Pada tahun 432 SM, Sokrates bergabung dalam pengepungan atas Potidaea, di mana
ia menunjukkan kekuatannya yang hebat yang menjadi ciri-cirinya dalam beberapa
sumber kuno tentang dirinya. Tokoh Alkibiades (dalam buku Platon berjudul Symposion) mengisahkan bahwa ketika
perang sedang menghebat dan dirinya terdesak oleh nusuh, bukan hanya senjatanya
yang diselamatkan Sokrates, tetapi dirinya pun lolos dari kematian berkat
Sokrates.
Pertalian
kata philosophy dengan Sokrates dan
cara hidupnya sebagian besar merupakan karya seorang pria, Plato, yang adalah
pengikutnya yang paling terkenal. Kata hubung dari kata Yunani philo (pecinta) dan sophos (kebijaksanaan), philosophos
atau pecinta kebijaksanaan, oleh Plato kata ini menggambarkan seseorang yang
ingin sekali mencari kebijaksanaan, seorang pencari kebenaran-seperti Sokrates,
yang dengan tajam oleh Plato dibedakan dengan filsuf lain. Ketika Sokrates
muncul, Athena berlimpah dengan guru-guru dari seluruh daerah berbahasa Yunani.
Athena sangat dipengaruhi oleh pemimpin demokrasi, Perikles, yang mengatakan
bahwa ia berteman dengan beberapa guru kebijaksanaan yang sangat masyur saat
itu, termasuk Anaxagoras. Anaxagoras berpidato untuk mendapat bayaran, terutama
dalam mempresentasikan teori-teori tentang unsur-unsur pembentuk kosmos. Dia mengguncang
orang-orang Athena dengan berani mengklaim bahwa matahari sangat besar, dan
merupakan batu yang berpijar karena sangat panas. Guru-guru lain, seperti
Gorgias (485-380) yang adalah seorang ahli pidato, memperoleh uang dengan
menunjukkan kepada para muridnya bagimana membentuk opini di hadapan rakyat
dengan seni berbicara ketika rakyat berkumpul di lapangan terbuka yang
merupakan ciri demokrasi Athena saat itu. Bagi Plato Sokrates tidak puas dengan
guru-guru seperti Anaxagoras dan Gorgias, dan karena itu kemudian ia berjalan
dalam jalannya sendiri untuk secara bebas memperoleh pertanyaan-pertanyaan
mengenai cara hidup terbaik. Namun menurut Aristoteles, Sokrates terutama
sangat diinspirasi oleh motto yang tertulis pada kuil Apollo di Delphi, “kenalilah
dirimu”.
Pada
tahun 339 SM, seorang penyair yang bernama Meletus, yang didukung oleh dua
warga kota lain, Lycon dan Anytus, mengajukan tuduhan resmi ke pengadilan.

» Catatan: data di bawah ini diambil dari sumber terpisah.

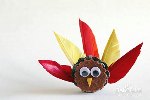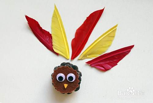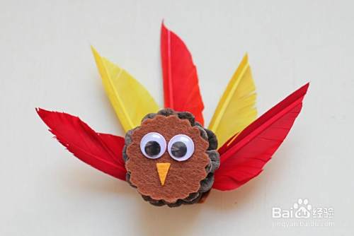 8、用手调整一下羽毛的位置,一直可爱又好玩的松塔小火鸡就做好啦!
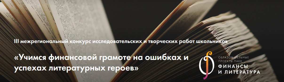 В соответствии с письмом Федеральной службы по надзору в сфере защиты прав потребителей и благополучия человека по Свердловской области и Федерального бюджетного учреждения здравоохранения «Центр гигиены и эпидемиологии в Свердловской области» № 66-00-13/05/81-2019 от 10.01.2019 г., № 02-01-13-11-01/14 от 10.01.2019 г. «Об участии школьников в конкурсе исследовательских и творческих работ», информируем Вас, что в рамках проекта «Содействие повышению уровня финансовой грамотности населения и развитию финансового образования в Российской Федерации» компанией ПАКК (ЗАО «ПАКК») совместно с экономическим факультетом МГУ им. М. В. Ломоносова под эгидой Министерства финансов РФ проводится ежегодный конкурс исследовательских и творческих работ школьников «Учимся финансовой грамотности на ошибках и успехах литературных героев». Конкурс рассчитан на школьников 7-11 классов, которые под руководством своих педагогов и при содействии экспертов ПАКК готовят конкурсные работы на материале литературных произведений.

Tuduhan itu adalah bahwa “Sokrates melakukan penyimpangan dengan tidak
mempercayai Dewa-Dewi yang dipercayai oleh polis (Athena) tetapi ia
memperkenalkan Dewa-Dewi baru yang tidak dikenal. Ia juga dituduh memberikan
pengaruh buruk bagi anak-anak. Hukuman yang dituntut adalah hukuman mati. Dua
penjabaran kemudian mengenai pengadilan Sokrates ini dibuat oleh Xenophon dan
Plato. Xenophon dan Plato sepakat bahwa Sokrates mengembangkan pidatonya
sendiri di pengadilan, dan mereka juga sepakat jika Sokrates bersikap
membangkang, dan kadang berbicara dengan “nada yang angkuh”.
Di
bawah demokrasi warga Athena, dewan juri dalam pengadilan yang terdiri dari
sejumlah besar warga kota, dalam kasus Sokrates jumlah seluruhnya 501 (jumlah
ganjil yang digunakan untuk menghidari persamaan jumlah suara dalam voting).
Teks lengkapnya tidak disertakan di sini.